> Problem requirements
Go to the line with "Debe tener un" in the entries below and write out every line from there through the line with "Khi sử dụng", exactly and without pictures.

> Records for processing
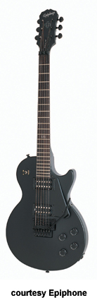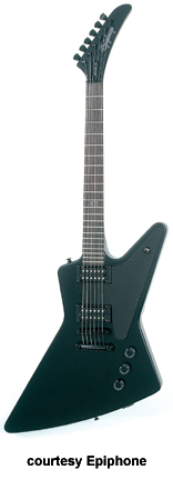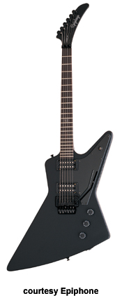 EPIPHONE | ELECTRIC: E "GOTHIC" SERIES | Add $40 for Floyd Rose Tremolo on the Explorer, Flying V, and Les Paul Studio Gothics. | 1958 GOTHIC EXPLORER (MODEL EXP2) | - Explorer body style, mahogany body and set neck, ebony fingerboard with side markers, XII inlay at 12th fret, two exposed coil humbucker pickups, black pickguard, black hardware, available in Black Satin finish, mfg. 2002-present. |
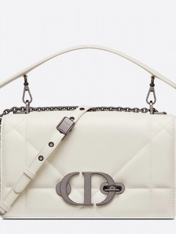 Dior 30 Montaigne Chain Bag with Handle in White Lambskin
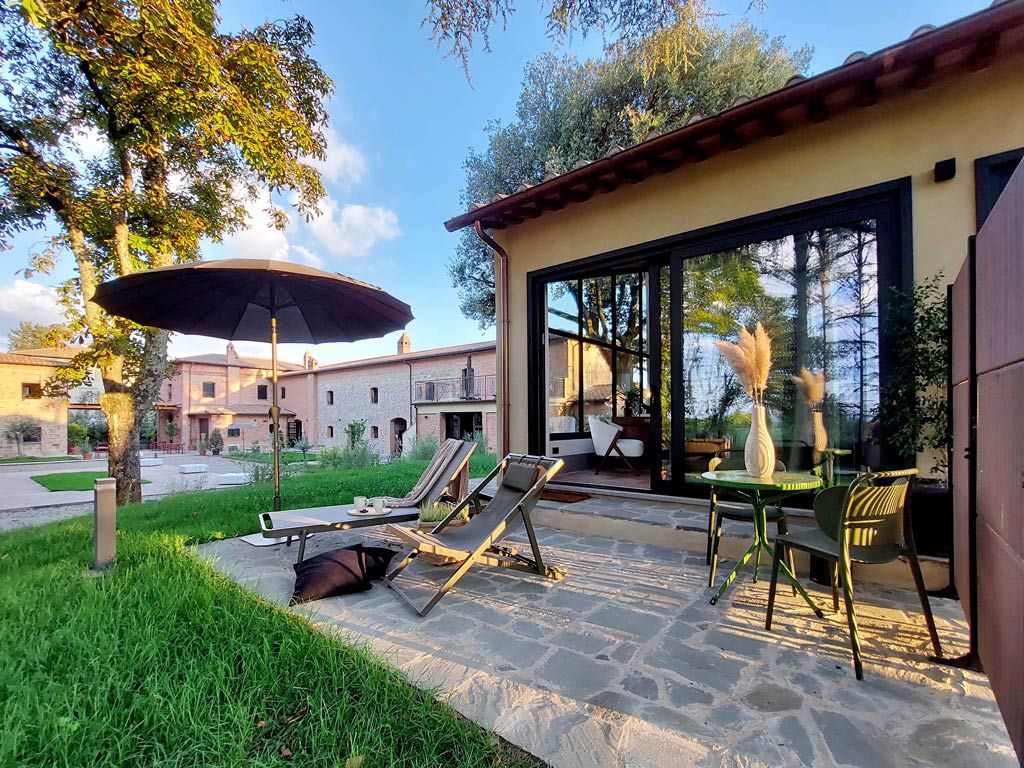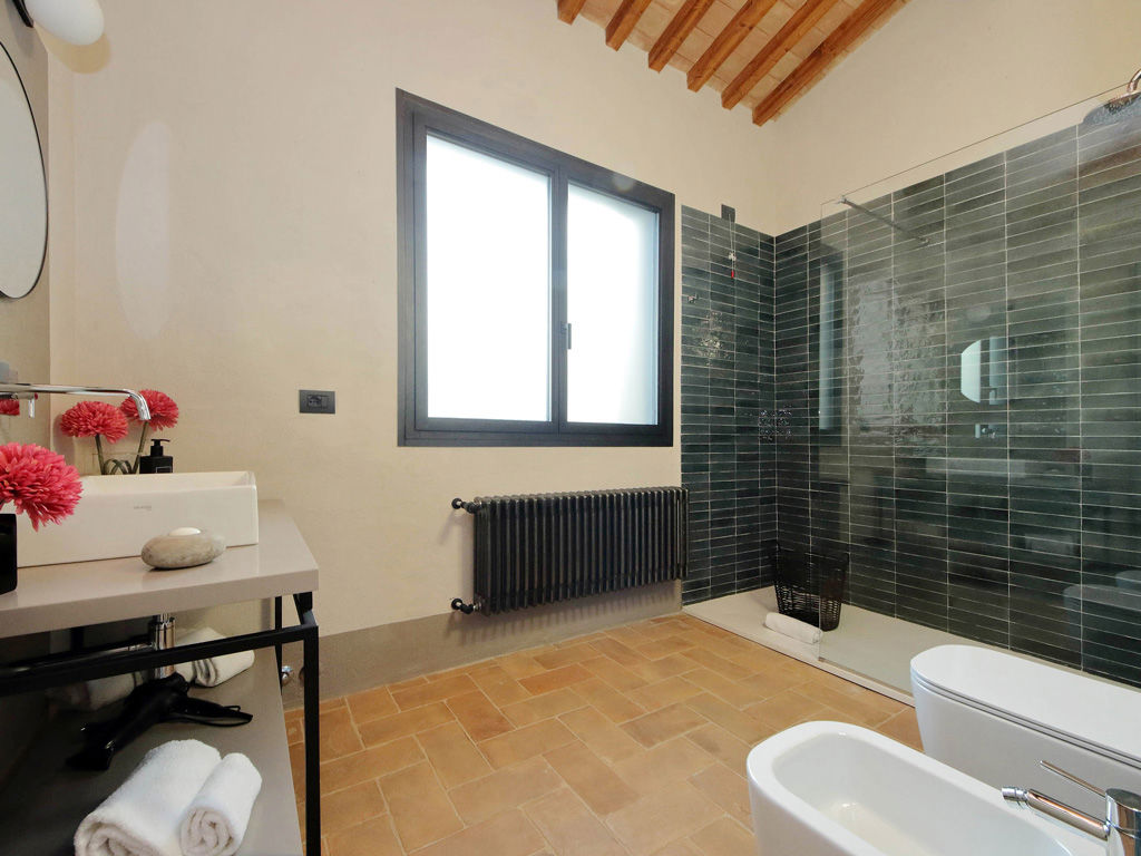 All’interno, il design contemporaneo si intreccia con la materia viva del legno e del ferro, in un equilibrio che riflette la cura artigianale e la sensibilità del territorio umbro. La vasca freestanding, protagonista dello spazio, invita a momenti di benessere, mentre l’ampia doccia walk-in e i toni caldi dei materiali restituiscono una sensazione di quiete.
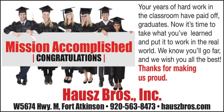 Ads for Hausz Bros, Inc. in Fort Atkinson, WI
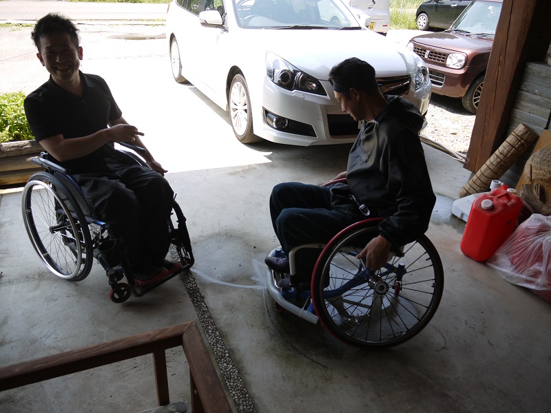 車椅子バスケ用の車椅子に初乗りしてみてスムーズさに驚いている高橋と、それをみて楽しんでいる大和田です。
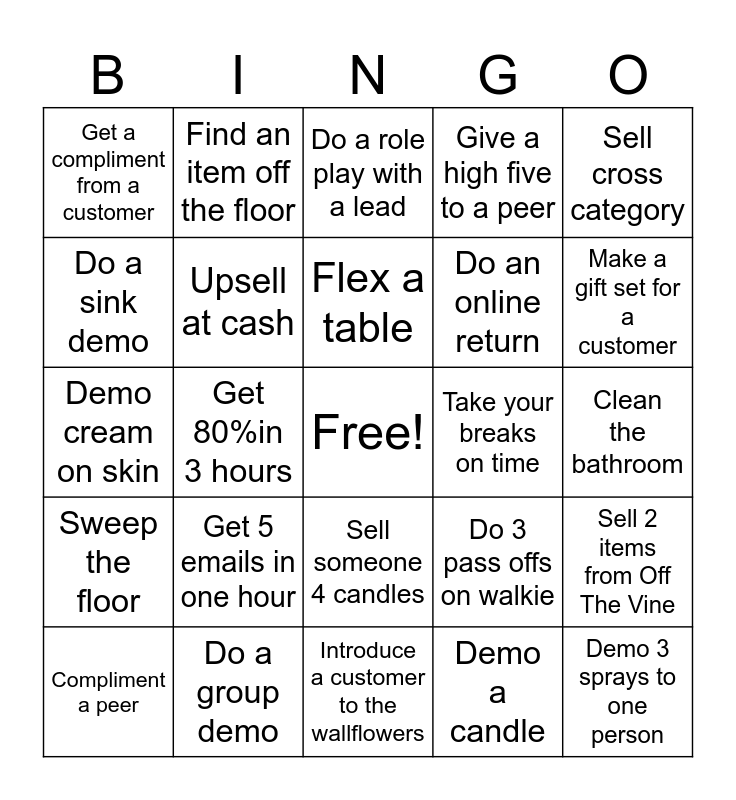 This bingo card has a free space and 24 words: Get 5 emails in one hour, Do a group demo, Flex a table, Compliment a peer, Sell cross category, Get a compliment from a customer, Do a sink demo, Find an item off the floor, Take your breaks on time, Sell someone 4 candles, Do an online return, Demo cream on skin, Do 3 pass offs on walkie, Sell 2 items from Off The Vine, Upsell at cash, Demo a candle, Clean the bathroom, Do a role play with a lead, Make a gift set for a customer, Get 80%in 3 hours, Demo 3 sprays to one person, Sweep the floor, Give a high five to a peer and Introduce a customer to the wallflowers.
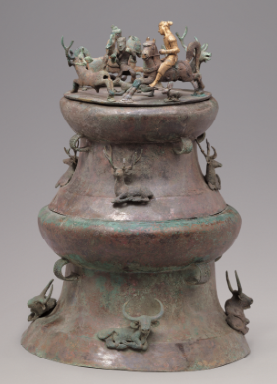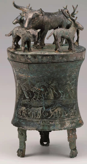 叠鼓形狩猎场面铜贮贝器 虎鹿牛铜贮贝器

...

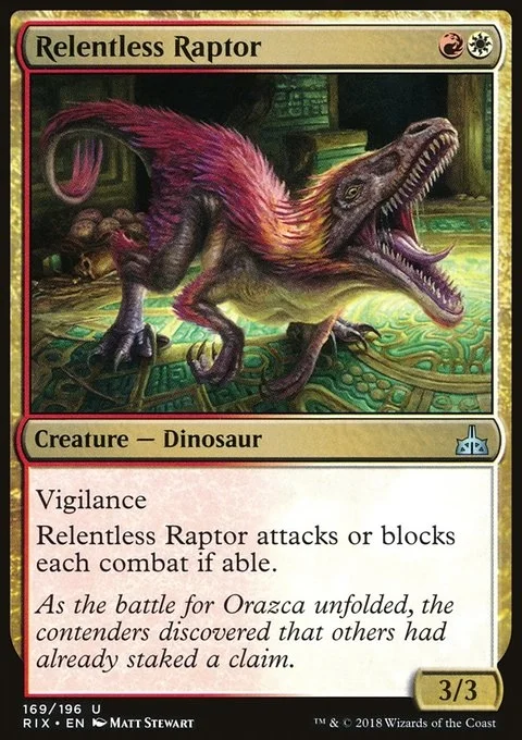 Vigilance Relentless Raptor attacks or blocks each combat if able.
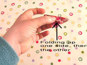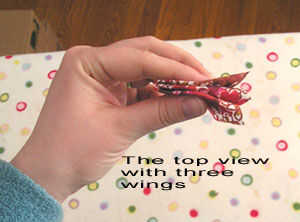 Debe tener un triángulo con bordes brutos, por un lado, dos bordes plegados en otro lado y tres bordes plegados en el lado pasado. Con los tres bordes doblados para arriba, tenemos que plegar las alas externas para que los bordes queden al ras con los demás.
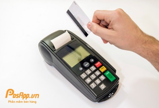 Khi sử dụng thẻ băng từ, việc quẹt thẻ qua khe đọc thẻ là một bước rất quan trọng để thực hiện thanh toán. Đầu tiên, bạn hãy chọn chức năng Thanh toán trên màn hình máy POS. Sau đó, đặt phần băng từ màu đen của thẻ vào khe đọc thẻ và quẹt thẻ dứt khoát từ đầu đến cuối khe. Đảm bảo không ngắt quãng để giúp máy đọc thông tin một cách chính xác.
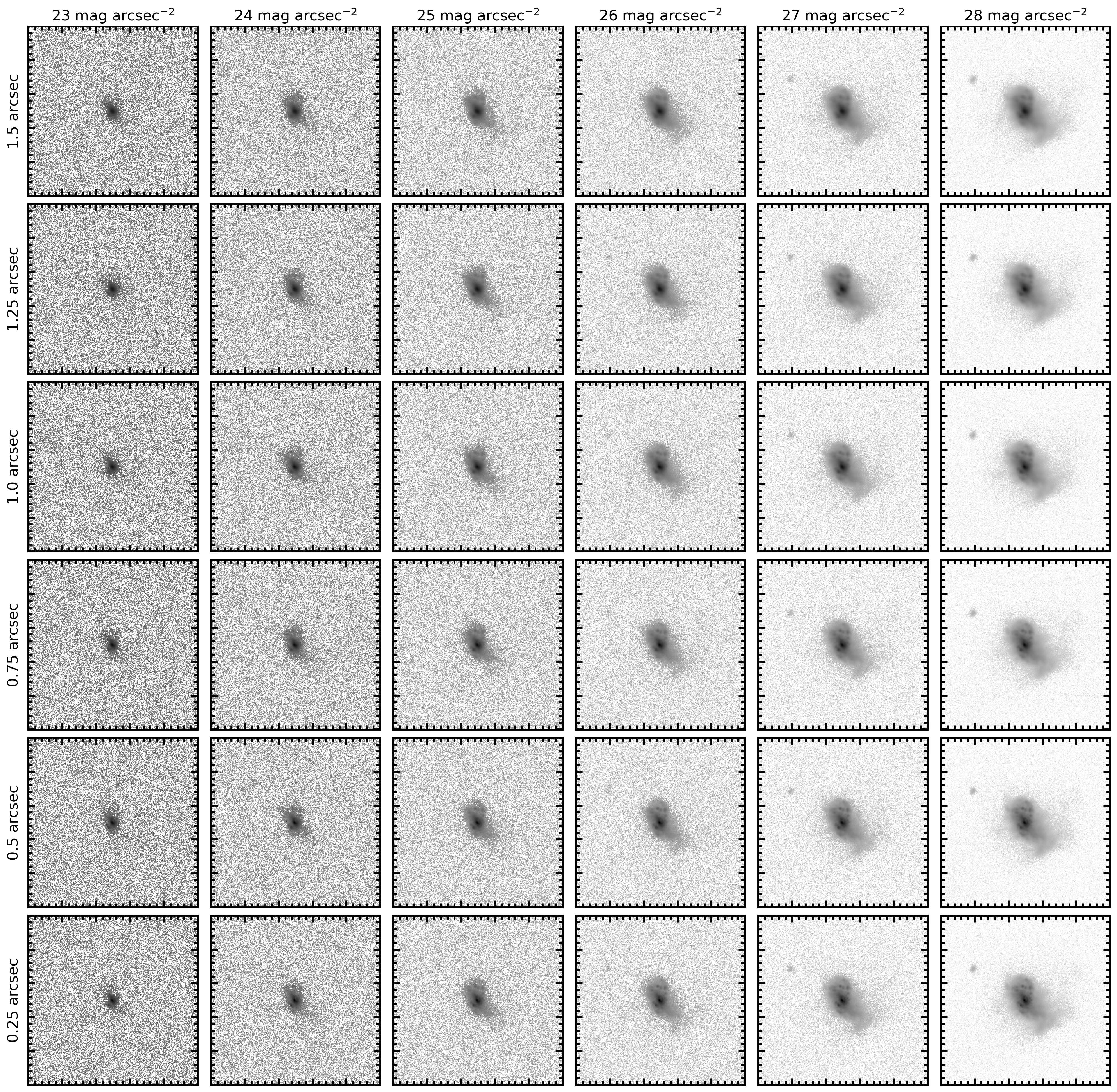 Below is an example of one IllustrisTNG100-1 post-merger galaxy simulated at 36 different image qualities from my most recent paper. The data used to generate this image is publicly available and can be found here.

> Solution to the exercise
 Debe tener un triángulo con bordes brutos, por un lado, dos bordes plegados en otro lado y tres bordes plegados en el lado pasado. Con los tres bordes doblados para arriba, tenemos que plegar las alas externas para que los bordes queden al ras con los demás.
 Khi sử dụng thẻ băng từ, việc quẹt thẻ qua khe đọc thẻ là một bước rất quan trọng để thực hiện thanh toán. Đầu tiên, bạn hãy chọn chức năng Thanh toán trên màn hình máy POS. Sau đó, đặt phần băng từ màu đen của thẻ vào khe đọc thẻ và quẹt thẻ dứt khoát từ đầu đến cuối khe. Đảm bảo không ngắt quãng để giúp máy đọc thông tin một cách chính xác.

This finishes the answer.